En 1958, un bon nombre de municipalités ont vu un de leurs citoyens se faire proposer l’installation, dans leur cour, d’une machine à pluie (un projet pilote disait-on), en échange d’une petite rémunération afin de lancer dans les airs à intervalle régulier de la poudre d’argent ou de bronze. Cela faisant en sorte de regrouper l’humidité présente dans l’air, en créant donc des nuages artificiels. De cette façon, on pouvait écourter une sécheresse en faisant apparaître une pluie salutaire et contenter Hydro-Québec qui ne manquerait jamais d’eau derrière ses barrages. À Rollet, c’est monsieur Maurice Daoust qui a reçu la machine qu’il devait faire fonctionner sous le regard curieux de Paul. Comme la famille Lachapelle et quelques autres ont jugé par la suite que les étés n’ont jamais été aussi beaux qu’avant, Monsieur Lauréat Maltais, exaspéré, serait allé tirer de la carabine sur la machine à pluie de Maurice, causant ainsi la fin de la mise en service de l’appareil.
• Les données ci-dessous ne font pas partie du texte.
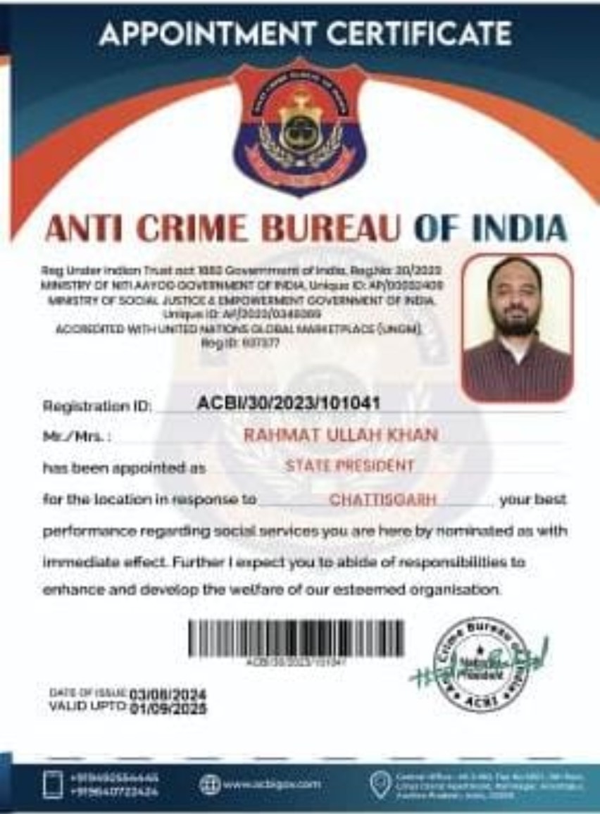 रहमत उल्ला खान बने एन्टी क्राइम ब्यूरो ऑफ इंडिया के प्रदेश अध्यक्ष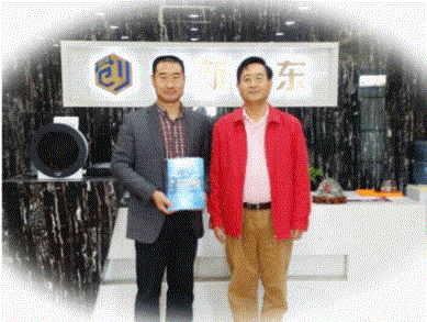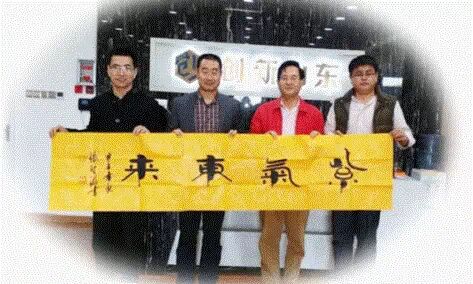 为表达谢意与尊敬之情,李新峰主任赠予王诗成先生“紫气东来”拓片。并在中心“创新山东”前台留影纪念。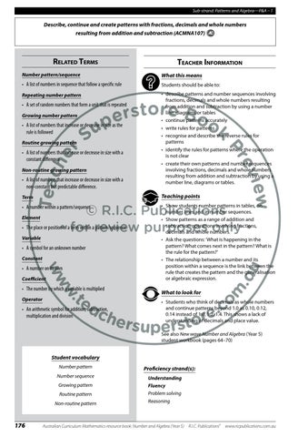 • describe patterns and number sequences involving fractions, decimals and whole numbers resulting from addition and subtraction by using a number line, diagrams or tables • continue patterns accurately • write rules for patterns • recognise and describe the reverse rules for patterns • identify the rules for patterns where the operation is not clear • create their own patterns and number sequences involving fractions, decimals and whole numbers resulting from addition and subtraction by using a number line, diagrams or tables.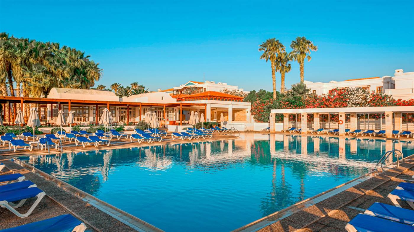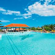 Si affaccia direttamente sulla spiaggia, con accesso al mare con sabbia mista a ciottolini, ma che con una breve passeggiata di circa 500 m, si possono facilmente raggiungere numerose calette di sabbia chiara e fine e dal mare cristallino. Dispone di 4 piscine di cui 2 per bambini, una delle quali presso il miniclub, e 1 coperta.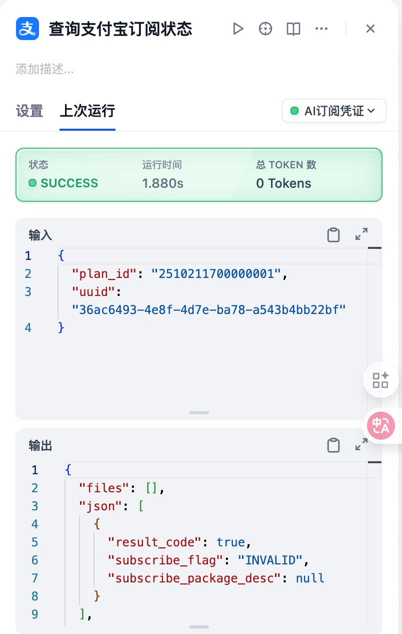 AI agent developers can seamlessly integrate subscription payment services through the Alipay AI Subscription Payment Plugin. This plugin enables developers to implement flexible pricing models (per-usage or time-based) within their AI agents. Currently, it provides subscription initialization, subscription status querying, and subscription-based consumption tracking capabilities.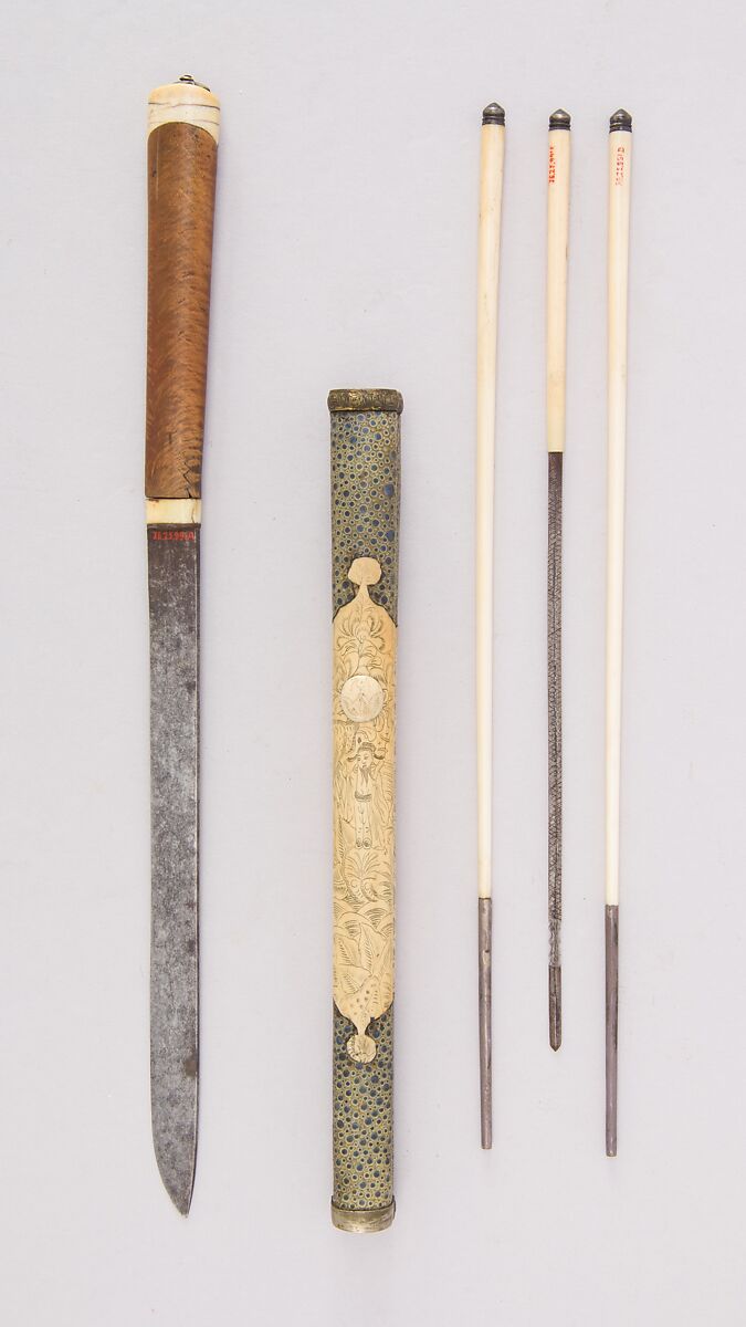 - Dimensions: Knife (a); L. with sheath 12 7/16 in. (31.6 cm); L. without sheath 11 1/2 in. (29.2 cm); W. 3/4 in. (1.9 cm); Wt. 2 oz. (56.7 g); sheath (b); Wt. 0.9 oz. (25.5 g); chopsticks (c, d); L. 10 5/8 in. (27 cm); W. 1/4 in. (0.6 cm); Wt. 0.3 oz. (8.5 g); pickle spear (e); L. 9 9/16 in. (24.3 cm); W. 1/4 in. (0.6 cm); Wt. 0.3 oz. (8.5 g); pick (f); L. 3 5/8 in. (9.2 cm); small pick (g); L. 1 3/4 in. (4.5 cm)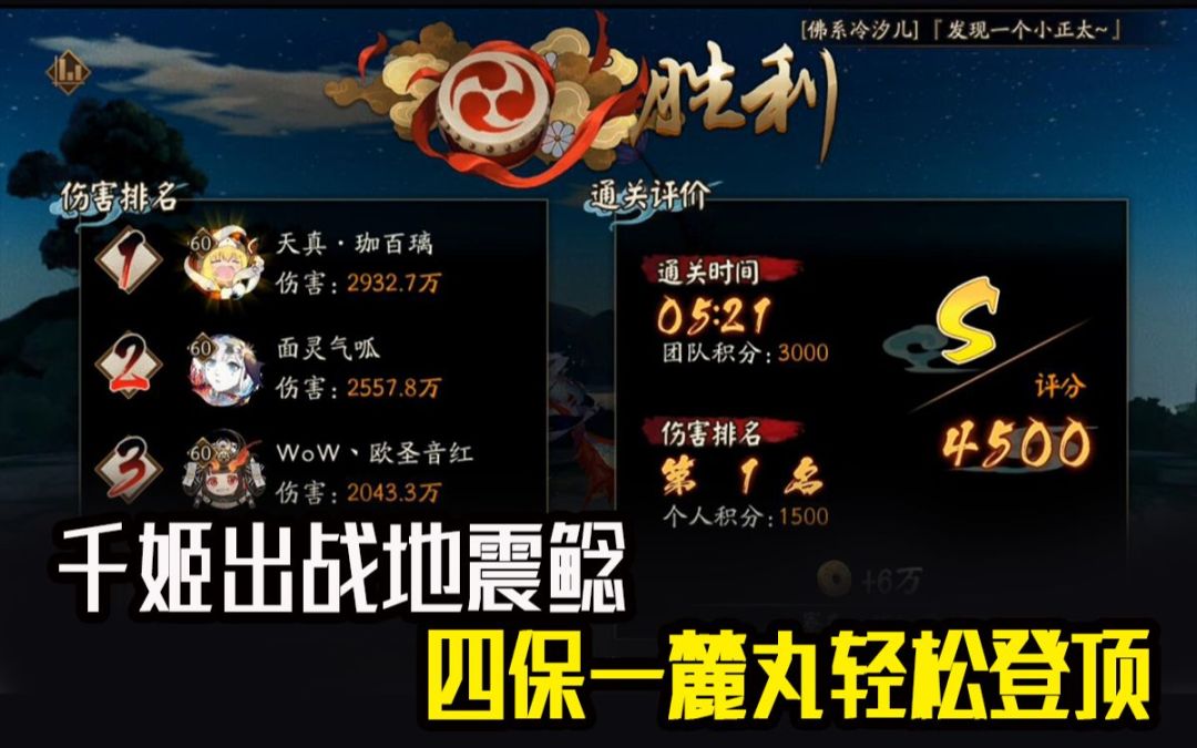【阴阳师】千姬出战地震鲶,4保1麓丸轻松登顶

La plupart des machines à pluie ont été rapatriées dans les années suivantes et quelques anciens se rappellent du projet gouvernemental. Environnement Canada tourne en dérision l’idée d’une suite au projet pilote, mais Paul Lachapelle et quelques autres restent convaincus que les techniques se sont raffinées et qu’on crée encore de toutes pièces des temps pluvieux par la main de l’homme. Le temps et la perspicacité de quelques fouilleurs aguerris nous diront ce qu’il en est. Sauront-ils faire mentir Paul ou lui donneront-ils raison? Ce qui est sûr, c’est que Paul a ses arguments et ses observations en poche pour en discuter comme un bon détenteur d’une information précieuse et rare.
Pendant ce temps, sa femme Jocelyne veille sur la généalogie de sa propre famille (les Gingras) sur l’histoire du village de Rollet et sur l’époque mythique des années 20-30-40. C’est qu’elle habite pratiquement chez sa mère de 101 ans pour en prendre soin et bien sûr, pour réécouter plusieurs fois par mois le récit légendaire de ces années qui recèlent tous les ingrédients pour étonner et surprendre les plus jeunes. Elle veille sur l’arbre généalogique familial qui remonte à 10 générations sans aucun trou. Elle s’exerce aux détails à répéter avec une énergie et une quantité de mots à la minute qui n’a pas de fin.
Bref, si Paul est assis sur un secret, Jocelyne est assise sur un trésor.